Diercks et al. reported a multi-biosensor chip for in situ detection of toxic algae (Figure 6a) [159]. The biosensors consisted of an array of 16 gold electrodes for detecting up to 14 target species simultaneously. McCoy et al. reported a multiplex surface plasmon resonance biosensor for monitoring the toxic bloom of Alexandrium minutum algae on the coast [160]. The detection results showed an obvious consistency with those from a light microscope. Toldra et al. proposed an electrochemical DNA biosensor for detecting Ostreopsis cf. ovata [40]. As shown in Figure 6b, isothermal recombinant polymerase amplification and sandwich hybridization are used to detect this species on electrode arrays with maleimide-coated magnetic beads.
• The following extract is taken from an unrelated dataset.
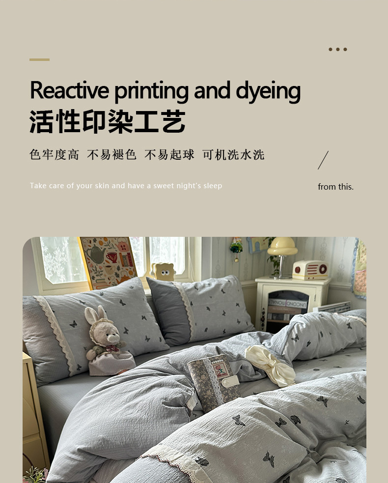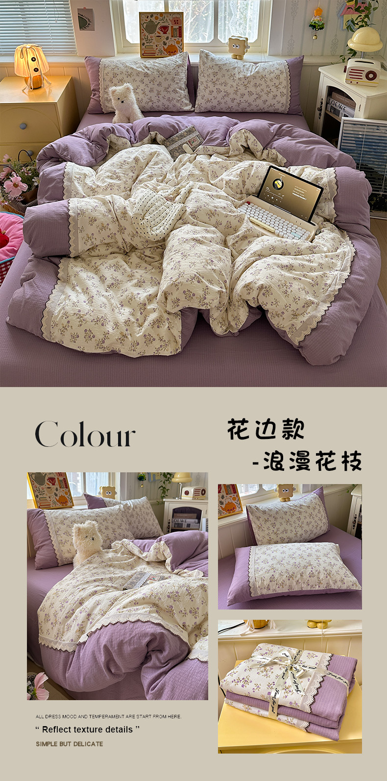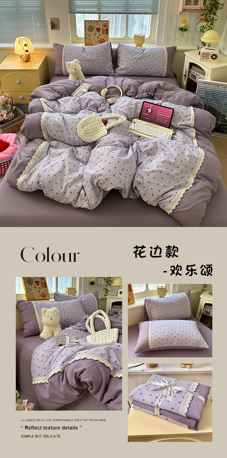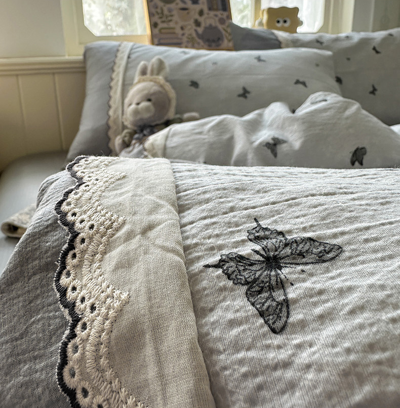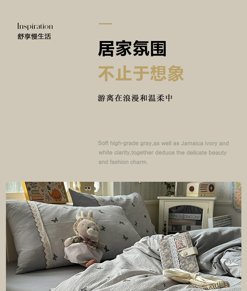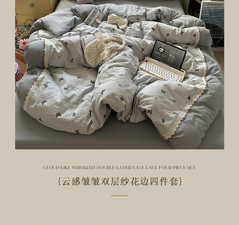 当前位置: 91家纺网 > 商品网购 > 床品套件 > 四件套 > 全棉普通四件套 > 水墨江南 2025新款云感皱皱纱全棉花边四件套场景一 花边款-蝴蝶灰

The biosensor showed the detection results in planktonic and benthic environmental samples similar to that with the qPCR and colorimetric assay methods.
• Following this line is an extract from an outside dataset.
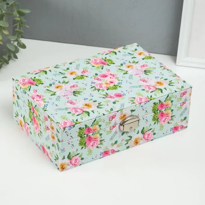 Шкатулка для украшений «Розы на зелёном», искусственная кожа, с замком, 18×27×9 см

Apart from the toxic algae, marine pathogens, including viruses, bacteria and protozoa, can cause the contamination of seafood, finally resulting in human infections [163,164]. Some pathogens originate from natural marine waters, such as the cholera bacterium and Vibrio cholera [165], while some others, such as fecal streptococci and escherichia coli, originate from defecation/urination/shedding of human or animal hosts and are carried via rivers or sewage effluent into coastal water [166]. For measuring these pathogens, there is no universal method due to their physical structure differences between different pathogens. One promising method is based on DNA biosensors [167,168,169].
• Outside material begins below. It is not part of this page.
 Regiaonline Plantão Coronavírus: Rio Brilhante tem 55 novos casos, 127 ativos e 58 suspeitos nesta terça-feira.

Some novel biosensing platforms have been developed in recent years. For example, Liu et al. reported a rapid, high-throughput, portable and easy-to-operate fish-based microfluidic platform (Figure 6c) [161]. The system can simultaneously detect waterborne pathogens and evaluated their infection potential. Liu et al. reported a lateral-flow DNA-aptamer-based biosensor for detecting Singapore grouper iridovirus (SGIV) (Figure 6d) [162]. Two DNA aptamers against SGIV-infected cells were used for SGIV detection, one for target isolation and the other for the strand displacement amplification reaction. Compared to the PCR methods, the method does not need sophisticated equipment, and takes no more than 90 min for the detection.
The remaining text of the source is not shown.